SCOTUSblog (a.k.a. the Greatest Blog on Earth) last night posted this very interesting piece (updated this afternoon) about an effort to stop the You Tube broadcast of U.S. district court proceedings in the suit challenging Proposition 8 — the gay marriage ban.  

A similar effort to make a court-martial proceeding available on You Tube would be impossible. R.C.M. 806(c) provides:

Video and audio recording and the taking of photographs – except for the purpose of preparing the record of trial – in the courtroom during the proceedings and the radio or television broadcasting of proceedings from the courtroom shall not be permitted.

 Is that a sensible prohibition?  Many people who won’t be able to be in Norfolk tomorrow (myself included) would be interested in watching the Article 39(a) session in the Huertas case.  Why should it be impossible for anyone who isn’t in Norfolk tomorrow to see those proceedings?  Making the proceedings generally available could certainly lead to a more informed public since much of the media coverage of the SEALs cases appears to include false information.  There will also be enormous public interest in proceedings in the Hasan case.  Is there a reason why the public shouldn’t be able to watch those proceedings over the Internet?

I’m a fan of the military justice system. I think that greater public exposure to the system would tend to increase public confidence in court-martial proceedings.

Should R.C.M. 806(c) be revoked? Should the recording and broadcast of trial proceedings be left to the military judge’s discretion? Should R.C.M. 806(c) be revised to allow the recording and broadcast of court-martial proceedings? To quote Linda Richman, discuss.

8 Responses to “CAAFlog Talk: Should the media be allowed to broadcast court-martial proceedings?”

  1. Phil Cave says:

    And in view of the likelihood there’s limited seating, because all the seating will be taken up by media and the NLSO people. And that assumes you even get past the quarterdeck.

  2. Anonymous says:


    Having the media there and video taping are two different issues. Pleanty of States videotape their proceedings, the media doesn’t have to be in the court room to use the feed. Some States require it, one camera fixed on the judge, the other on the defendant.

    I’m a fan for all court proceedings being videotaped, my State bans them (they ban cameras on police too, a lot to hide). It would aid post-appellate issues were something was left out of the record. Although sometimes the best way to look at a case is in black and white letters than listening to a witness with an axe to grind cry crocodile tears.

  3. Phil Cave says:

    I’m sorry, Anon 1403, I wasn’t clear.
    I’m a supporter of cameras in court.
    My point was that the court-rooms are already small. They’ve already announced taking media reservations.
    So, the general public is likely to be excluded because by the time you get the media and then the NLSO folks in CR #1, there won’t be space for the general public.
    And, getting past the guardians at the quarterdeck will be interesting — “And what is your business here?” “I’m here to observe.” “Do you have business here?”

  4. Some Army Guy says:

    I don’t want broadcasts of courts-martial.

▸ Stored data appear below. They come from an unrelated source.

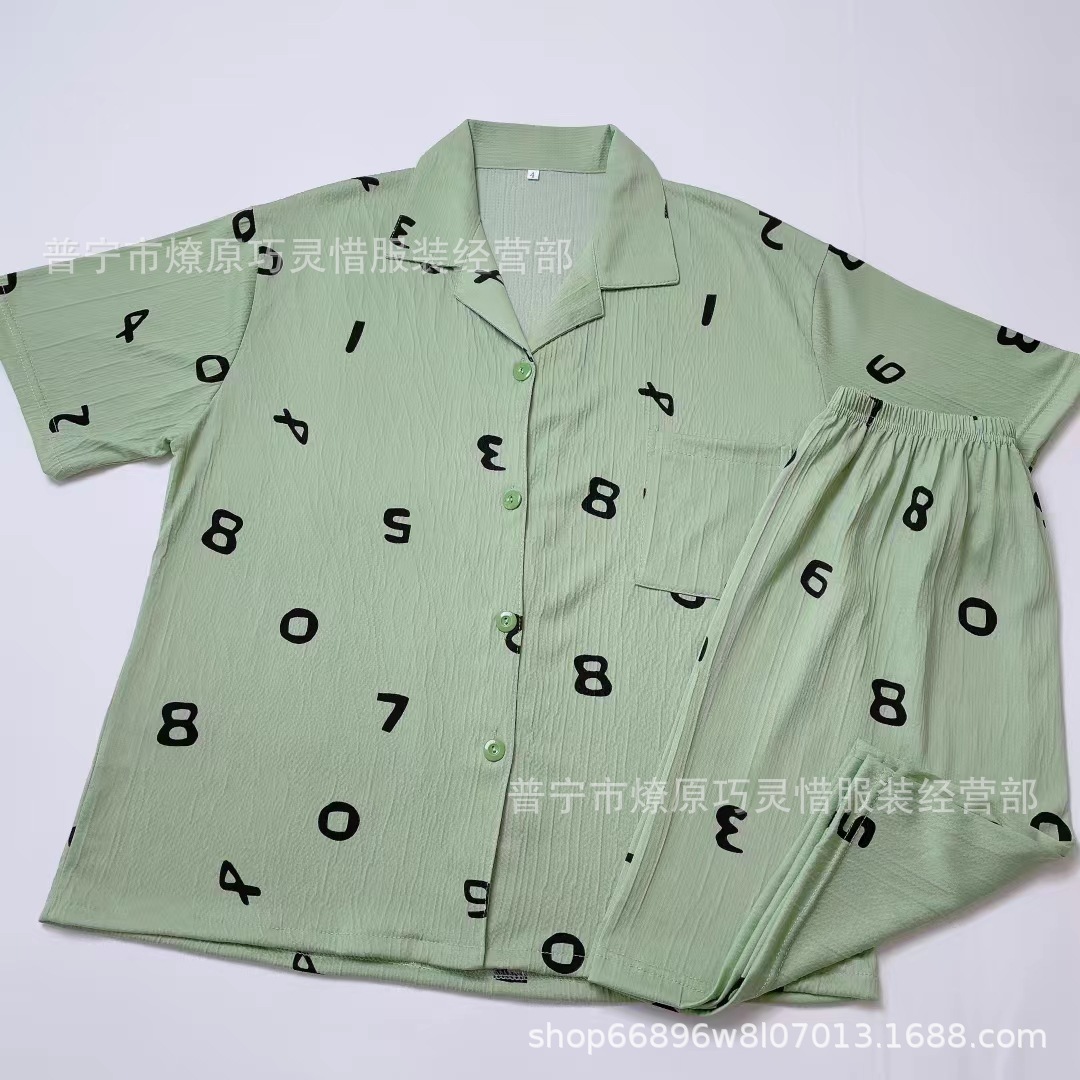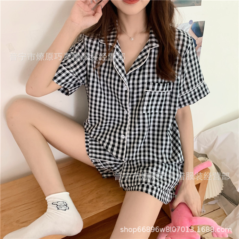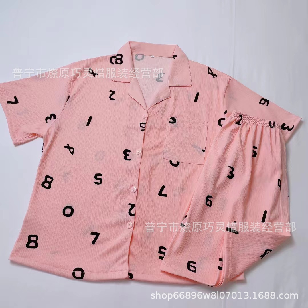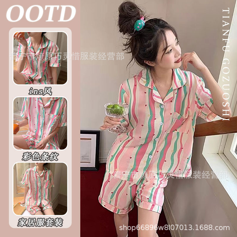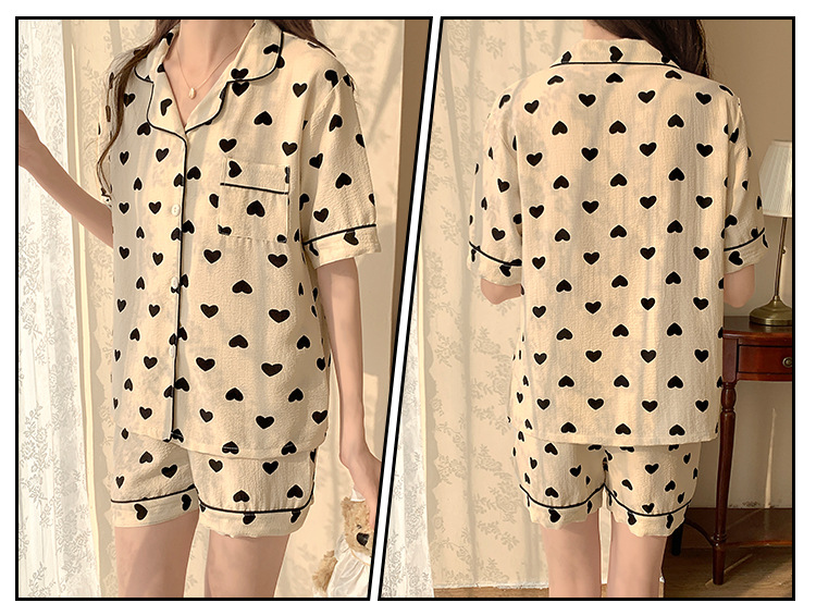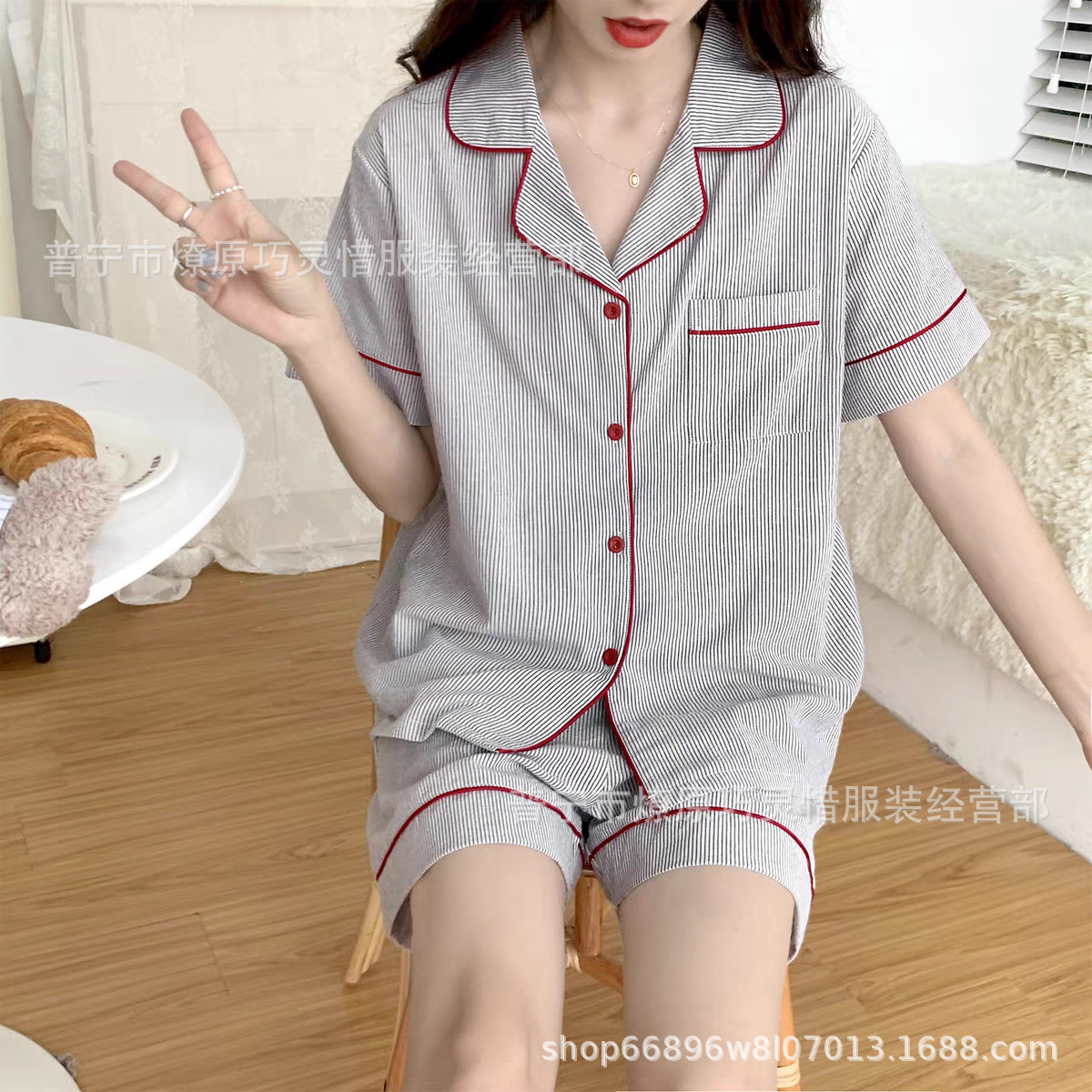 여름 새로운 반팔 반바지 버블 면 잠옷 여자의 귀여운 여자의 달콤한 가정 옷 카디건 세트 겉옷스토어 가기
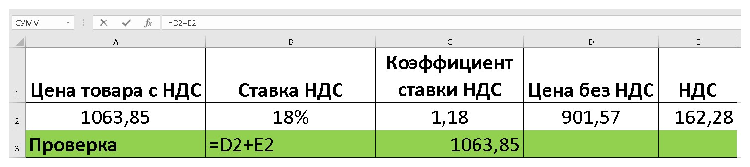 Теперь обязательно проверяем правильность расчета несколькими способами. Складываем цену без НДС и цифру налога: 901,57 + 162,28 = 1063,85 рублей. Второй способ: 901,57 * 1,18 = 1063,85 рублей. Все верно.
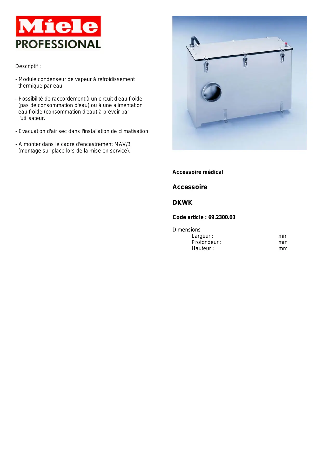 DKWK DESCRIPTIF - Climatiseur MIELE - Notice d'utilisation et mode d'emploi gratuit

    I believe that the airing of trials too often fundamentally changes the nature of the proceedings — by making the focus of the trial (and even the judge) the public and not the jury.

  5. Southern Defense Counsel says:


    I thought the same thing at first, but then I really thought about it, and came up with this response: most trials are boring. It would be unlikely that the public would care about a UA dive. And those that aren’t boring have a media circus surrounding them anyway that allows for widespead speculation and little to no “facts”. I wonder if it might be better to try to innoculate the participants from the idea of being on camera by making it SOP. Like COL Sullivan, I am in favor of making the system more open whenever possible.

  6. Kick it Old School says:

    Televised courts-martial combined with grandstanding civilian counsel engaged in meaningless courtroom theatrics to impress their current and future clients is almost too horrible to comprehend . . . .

    The printed word is the thinking man’s way to digest news and information. A court-martial does not need to become home to the Dancing Ito’s.

    My vote – kick it old school.

  7. CAAFlog » SCOTUS stays You Tube broadcast of U.S. district court proceedings says:

    […] the weekend, we noted plans to broadcast U.S. district court proceedings in the Proposition 8 case over You Tube.  On […]

  8. John Harwood says:

    I agree with Old School – I think the theatrical element that sometimes creeps into courts-martial will become a frequent element of our trials. That’s a bad thing.